Work order | Your copy should start at the line with "女裝荷葉邊圓領短袖襯衫" and end at the line with "Unter der Kletterwand" in the data below. Transcribe only those lines, exactly, pictures excluded.

Data for the task |
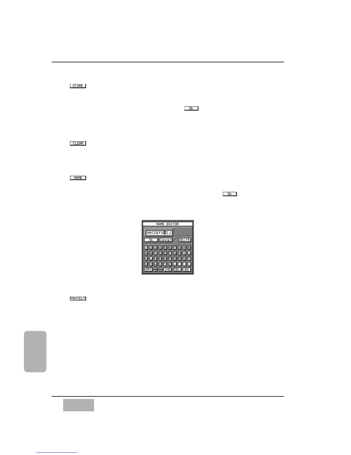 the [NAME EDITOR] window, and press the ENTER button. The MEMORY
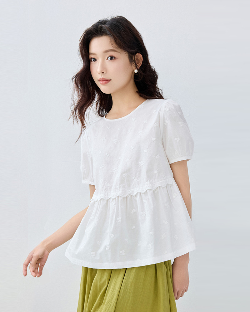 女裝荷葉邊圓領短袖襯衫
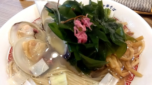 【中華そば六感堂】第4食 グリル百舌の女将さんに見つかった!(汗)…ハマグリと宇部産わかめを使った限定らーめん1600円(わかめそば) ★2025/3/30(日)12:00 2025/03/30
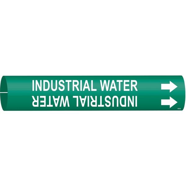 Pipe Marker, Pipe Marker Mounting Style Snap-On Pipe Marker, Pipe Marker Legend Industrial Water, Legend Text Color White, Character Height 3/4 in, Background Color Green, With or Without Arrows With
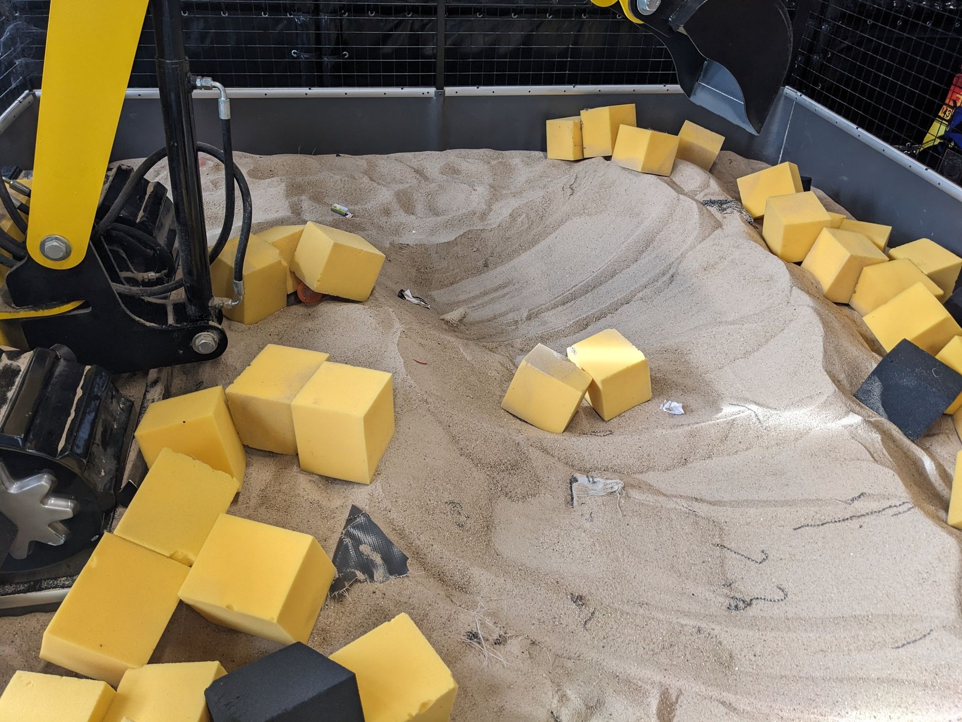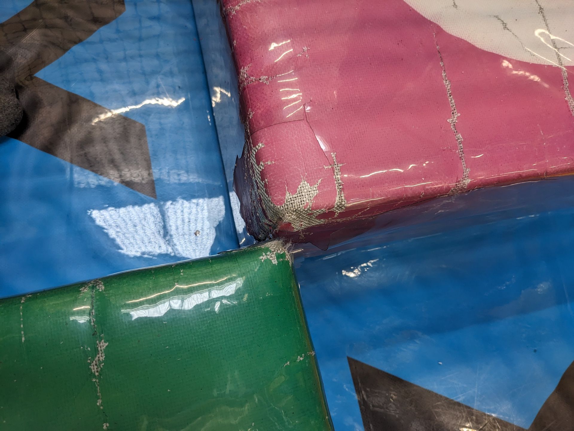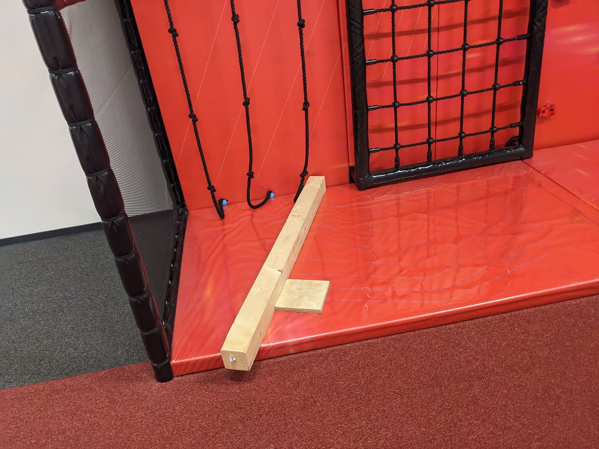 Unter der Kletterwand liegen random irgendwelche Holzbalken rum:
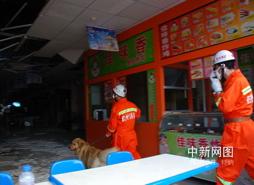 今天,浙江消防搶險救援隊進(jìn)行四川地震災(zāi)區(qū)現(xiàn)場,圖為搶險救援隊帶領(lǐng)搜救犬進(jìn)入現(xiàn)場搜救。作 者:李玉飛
==
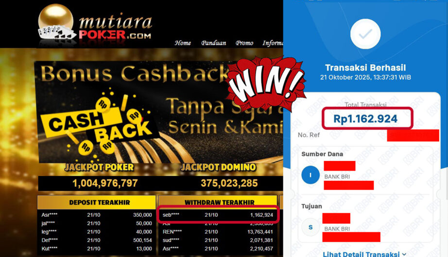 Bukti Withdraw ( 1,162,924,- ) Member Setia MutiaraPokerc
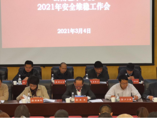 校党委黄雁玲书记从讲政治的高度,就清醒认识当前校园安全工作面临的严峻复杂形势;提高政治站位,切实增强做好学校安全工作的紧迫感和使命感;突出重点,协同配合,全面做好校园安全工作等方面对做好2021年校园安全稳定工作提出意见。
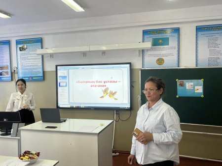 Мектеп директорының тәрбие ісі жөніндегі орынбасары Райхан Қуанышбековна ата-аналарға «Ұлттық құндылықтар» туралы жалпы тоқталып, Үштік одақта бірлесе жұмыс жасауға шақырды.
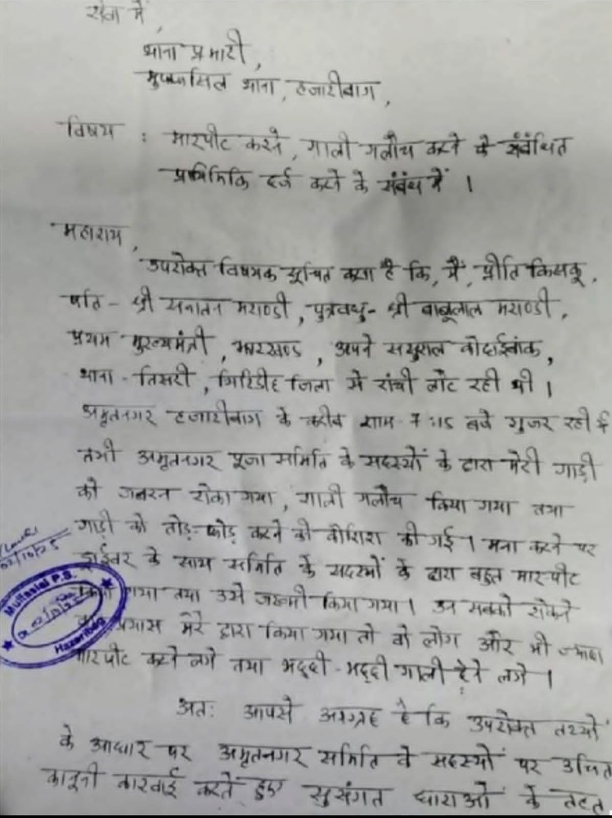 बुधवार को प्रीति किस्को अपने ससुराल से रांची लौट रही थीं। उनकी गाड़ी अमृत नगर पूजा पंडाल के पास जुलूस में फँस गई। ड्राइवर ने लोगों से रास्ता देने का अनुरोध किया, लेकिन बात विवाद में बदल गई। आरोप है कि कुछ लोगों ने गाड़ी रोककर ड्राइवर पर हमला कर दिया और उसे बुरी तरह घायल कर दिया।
...
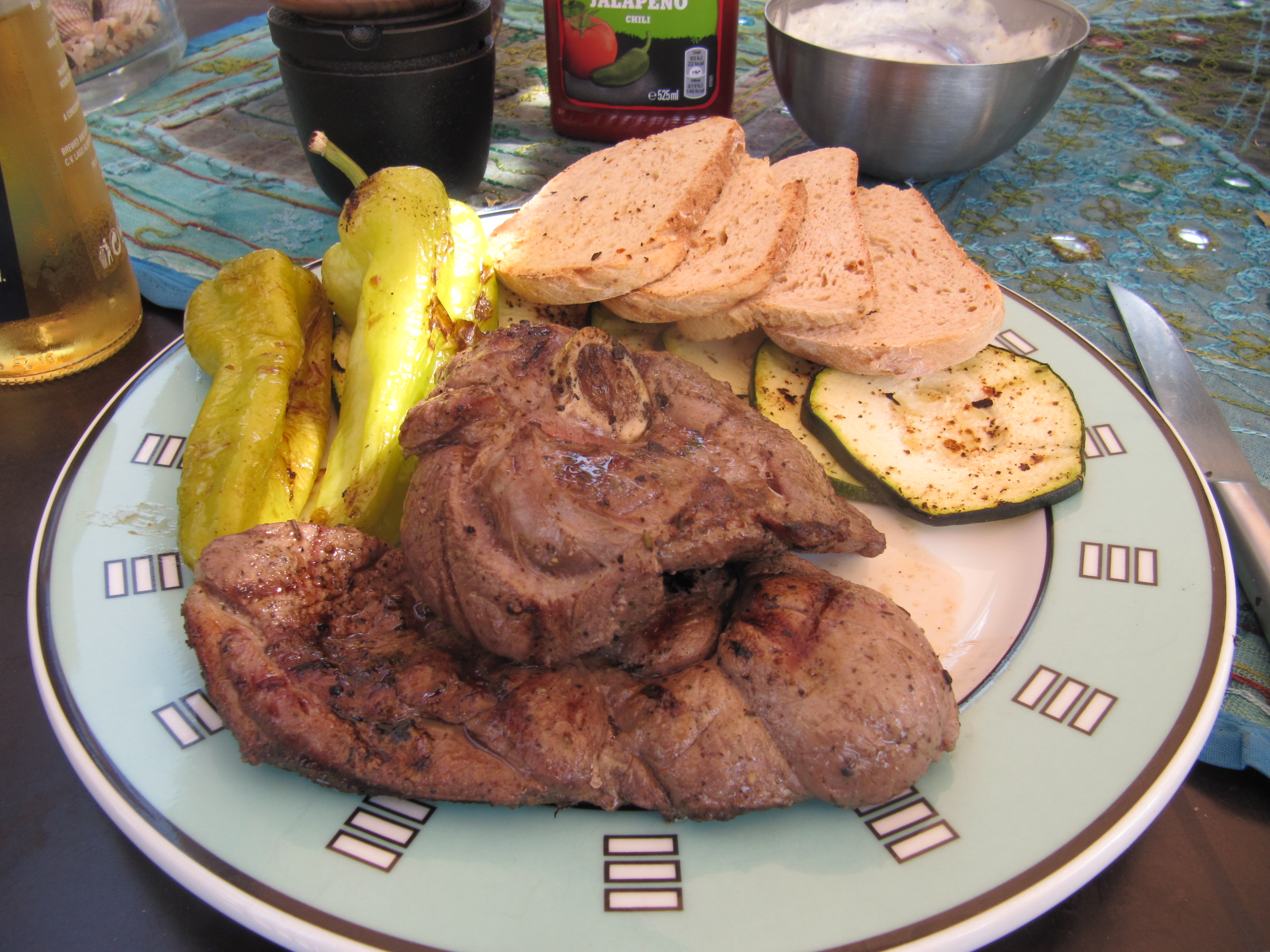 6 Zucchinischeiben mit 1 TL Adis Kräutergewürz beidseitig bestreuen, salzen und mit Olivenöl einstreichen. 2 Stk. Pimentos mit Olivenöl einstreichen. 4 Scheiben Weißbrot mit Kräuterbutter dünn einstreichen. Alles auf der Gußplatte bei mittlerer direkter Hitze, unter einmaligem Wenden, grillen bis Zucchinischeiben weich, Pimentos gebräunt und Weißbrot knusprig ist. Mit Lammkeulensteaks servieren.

Reply to the task |
 女裝荷葉邊圓領短袖襯衫
 【中華そば六感堂】第4食 グリル百舌の女将さんに見つかった!(汗)…ハマグリと宇部産わかめを使った限定らーめん1600円(わかめそば) ★2025/3/30(日)12:00 2025/03/30
 Pipe Marker, Pipe Marker Mounting Style Snap-On Pipe Marker, Pipe Marker Legend Industrial Water, Legend Text Color White, Character Height 3/4 in, Background Color Green, With or Without Arrows With
 Unter der Kletterwand liegen random irgendwelche Holzbalken rum:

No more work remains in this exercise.